Task to carry out
Below are entries with pictures among them; reproduce exactly, and only, the lines from the one containing "html형식의 response를 display한" down to the one containing "Au lieu de couler", without the pictures.

Entries provided
----------

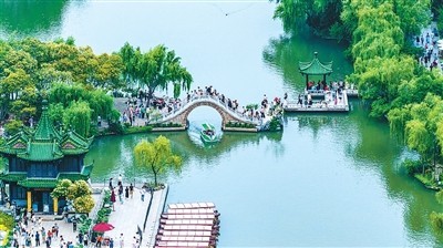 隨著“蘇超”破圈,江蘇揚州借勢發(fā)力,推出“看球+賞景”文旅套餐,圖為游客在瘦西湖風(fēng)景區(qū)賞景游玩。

----------

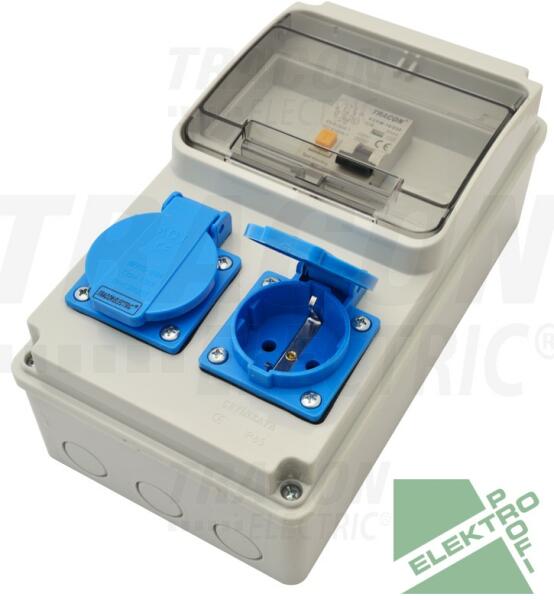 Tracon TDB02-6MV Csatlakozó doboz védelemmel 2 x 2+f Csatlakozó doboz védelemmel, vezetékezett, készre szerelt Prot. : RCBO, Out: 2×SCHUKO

----------

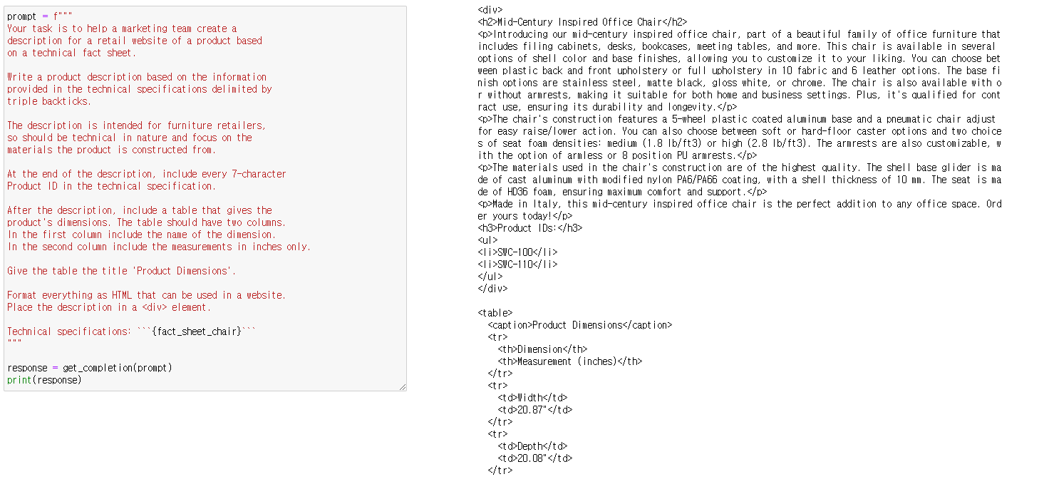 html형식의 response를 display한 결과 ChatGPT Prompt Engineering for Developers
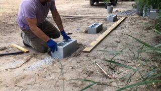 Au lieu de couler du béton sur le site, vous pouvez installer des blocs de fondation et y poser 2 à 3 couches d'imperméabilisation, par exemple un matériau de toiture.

----------

Completed task
 html형식의 response를 display한 결과 ChatGPT Prompt Engineering for Developers
 Au lieu de couler du béton sur le site, vous pouvez installer des blocs de fondation et y poser 2 à 3 couches d'imperméabilisation, par exemple un matériau de toiture.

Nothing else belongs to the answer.